Таким образом, перегрузка материи электронами, которая разыгрывается на башне, имеет двойное значение: во-первых, как метафора научного эксперимента, который хотя и не удается, но производит новые акты познания, а во-вторых, как метафора нарушения сексуального табу, вследствие которого инженер Электрон буквально «приходит в чувство» и получает свое чувственное (хотя в первый момент и путаное) самовосприятие, когда его магически-научная власть над природой и техникой отказывает и превращает всемогущество в бессилие.
Эту топику можно понять в рамках шизоидного самовосприятия отношений человека с техникой, которое может проецироваться на самоконституирование инженерного дискурса: «Реальность духа функционирует, собственно, как мужская потенция, как идеал мужской симуляции возвышенного. Реальный же, материальный мир содержит новые возможности: материя, материнское вещество, hyl'e – которая, будучи женственным веществом, обесценивается философией по сравнению с мыслительным началом; и лишь страх перед демонической женственностью останавливает; инженер как насильник природы лишь в половой борьбе насильственно должен вписать в женственное тело природы свое воинственно-героическое техническое воображение. Письмо техники завоевательное, подчиняющее, предлагающее одновременно с насилием над природой модельный образ дисциплинированной и укрощенной женщины» 218 .
218
Lachmayer H. Vom Ikarus zum Airbus. S. 28.
Свой отчет о происшествии инженер Электрон заканчивает утверждением, что должна существовать загадочная форма энергии, и призывает овладеть этой «тайной». Тут слово опять берет Пережиток и сообщает о мобилизации всего человечества против общего врага – «Тайны» и ее загадочных сил.

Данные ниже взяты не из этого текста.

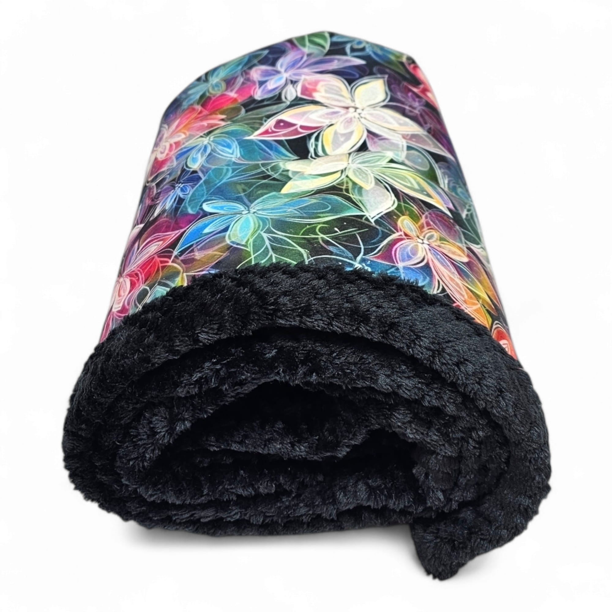 Futerko - druga strona jest z miękkiego futra w kolorze mlecznym lub czarnym. Brzegi kocyka są lekko wywinięte futerkiem na tkaninę, co dodaje mu uroku i sprawia, że prezentuje się wyjątkowo pięknie.

Сознание не терпит неизвестности, оно открывает борьбу за сохранение истины. Для успешности борьбы были уничтожены пережитки – женщины. (Они втайне влияли еще на самих инженеров и немного обессиливали их мысль чувством.) <…> Электрон дал приказание по коллективу человечества от имени передовых отрядов наступающего сознания: «Через час все женщины должны быть уничтожены короткими разрядами. Невозможно эту тяжесть нести на такую гору. Мы упадем раньше победы» 219 .
219
Платонов А. Жажда нищего. C. 170.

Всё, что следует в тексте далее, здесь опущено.